The Odyssey Online article, titled "A Recent Sports Bra Suspension At Rowan University Has Gotten Female Athletes Outraged," accused Rowan of both establishing and enforcing a policy that restricted women athletes from wearing sports bras without shirts during training.

It was reported that women athletes were expected to wear shirts over their sports bras as to not distract male athletes or attract unwanted attention, according to the article.

"If you're running in a sports bra, then you must be asking for it, right?" Gina Capone, the author of the article, wrote on Thursday.

University officials said the rule was only a verbal policy, but it has since been abolished.

University officials immediately addressed the issue with a Facebook post that declared the article to have misinterpreted a current verbal policy.

Student athletes were required to wear shirts during practice in accordance with NCAA guidelines, according to Rowan University spokesperson Joe Cardona. The verbal policy was meant to teach athletes that they are not in an intramural sport, but that they are an NCAA athlete with standards.

"Rowan's Athletic Department has had a longstanding verbal protocol that all athletes must wear shirts, even during practices. The verbal policy was adopted as a matter of keeping a level of standards throughout its men's and women's programs," university officials said. 

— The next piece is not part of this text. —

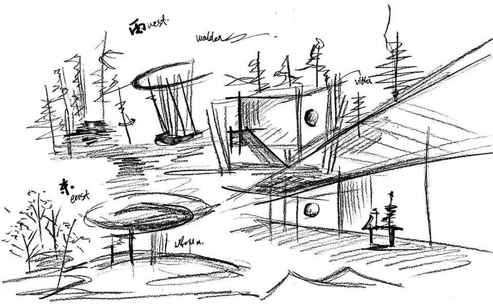 设计师以 “东西合璧” 为线索,将东方的隐逸情怀与西方的自然哲学串联。从桃花源到瓦尔登湖的体验过程让人们沉浸在自然丰富的场景氛围种,塑造一种抽象的自然元素和情景转化。

Capone, a former track and field runner did not interpret the policy that way and decided to write an article on Odyssey.

"Even in the elite world mostly every woman wears a racing crop and we aren't given uniforms to practice in," Capone said.

"It was just so absurd to me because I feel like every other university doesn't have this issue where it's a D1 school or D3 school. They should be able to wear anything they feel comfortable in," Capone told CBS3.

According to officials, new staff relayed the policy to students in an inaccurate manner which led to confusion. That confusion spread and turned into a fierce backlash against the university's protocol.

"As women, we are constantly reminded that we should be ashamed or embarrassed about our bodies. It's 2018, and yet women are still being objectified with their physical appearance," Capone wrote.

The article forced university officials to realize that the verbal policy was not the best way to communicate standards and have taken action to create a written policy so that future confusion on the issue of sports bras can be avoided.

"By clarifying our support of women's athletics and its student-athletes, Rowan strongly affirms its commitment to ensuring that women are able to train and perform at the highest levels," officials added.

The article also stated that the female cross country team was not allowed to use the same facility as the football team, but university officials say that is not true. Whichever team is using the facility at that time is the only team that should be there.

Women athletes at Rowan University will be allowed to continue to wear sports bras without shirts during practice.